(RECORDS SHOWN)

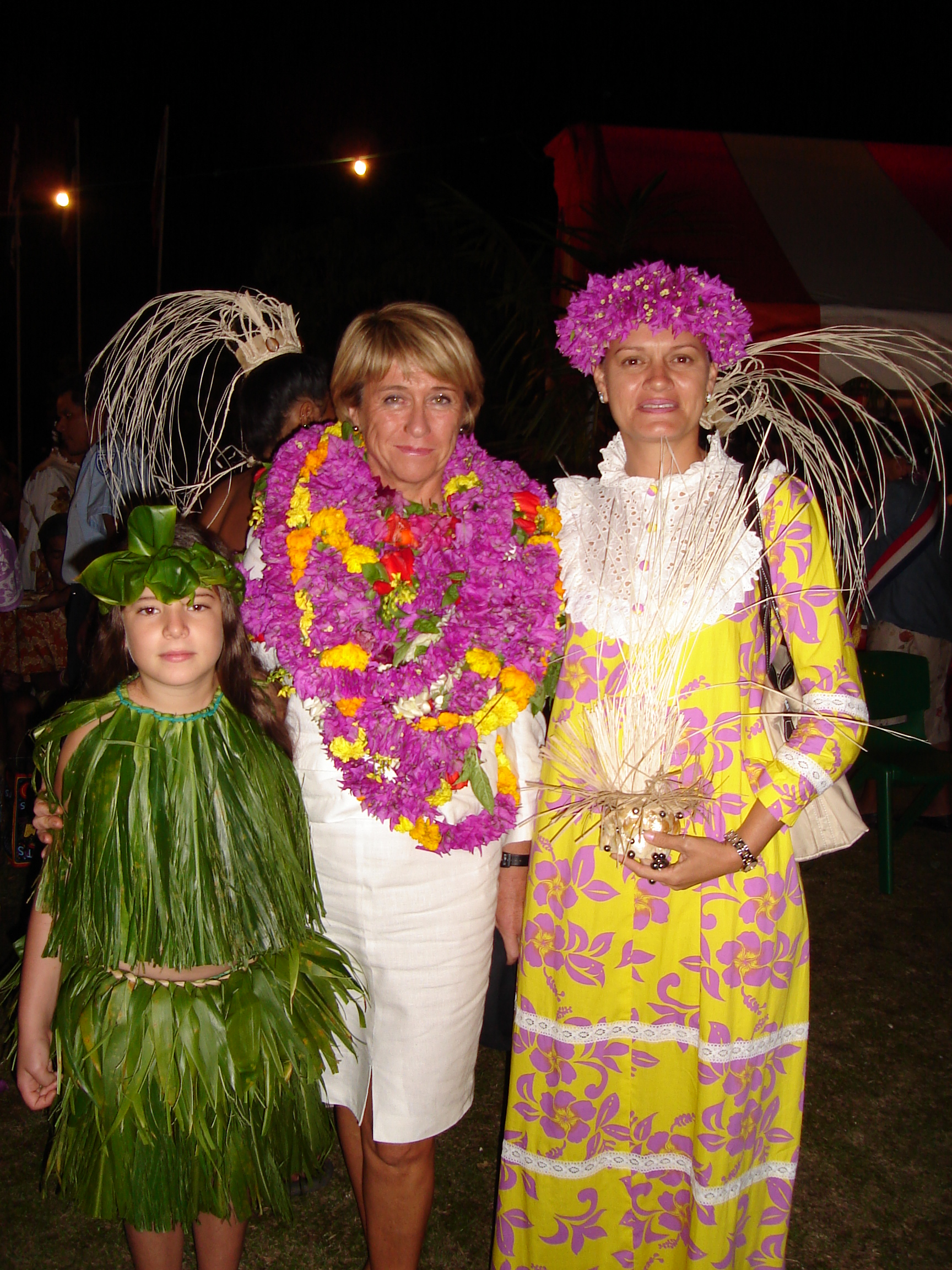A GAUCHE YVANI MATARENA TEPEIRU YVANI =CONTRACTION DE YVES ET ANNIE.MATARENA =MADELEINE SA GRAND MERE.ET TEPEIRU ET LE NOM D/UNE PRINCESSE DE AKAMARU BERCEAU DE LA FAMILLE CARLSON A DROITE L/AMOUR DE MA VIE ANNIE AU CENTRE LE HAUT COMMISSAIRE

(End RECORDS SHOWN)
(RECORDS SHOWN)

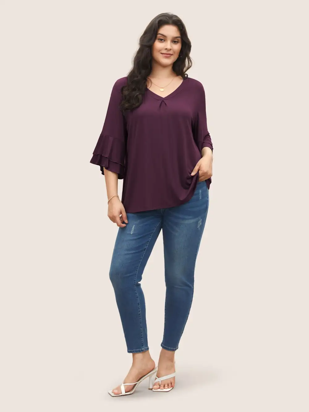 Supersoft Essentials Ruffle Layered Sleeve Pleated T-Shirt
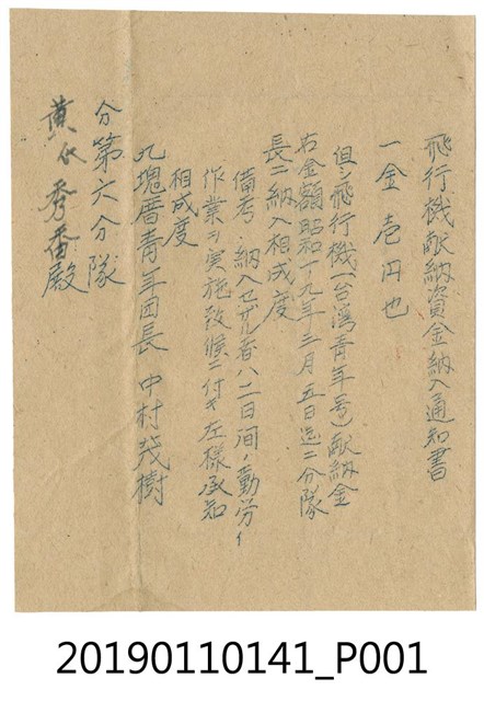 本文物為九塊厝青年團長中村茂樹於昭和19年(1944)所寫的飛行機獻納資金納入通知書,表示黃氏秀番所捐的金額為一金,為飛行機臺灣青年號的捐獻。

(End RECORDS SHOWN)

__WORK INSTRUCTION__:
Working from the data above, repeat exactly, and only, the lines that begin at the line containing "Supersoft Essentials Ruffle" and stop after the line containing "本文物為九塊厝青年團長中村茂"; pictures are not copied.

__OUTPUT__:
 Supersoft Essentials Ruffle Layered Sleeve Pleated T-Shirt
 本文物為九塊厝青年團長中村茂樹於昭和19年(1944)所寫的飛行機獻納資金納入通知書,表示黃氏秀番所捐的金額為一金,為飛行機臺灣青年號的捐獻。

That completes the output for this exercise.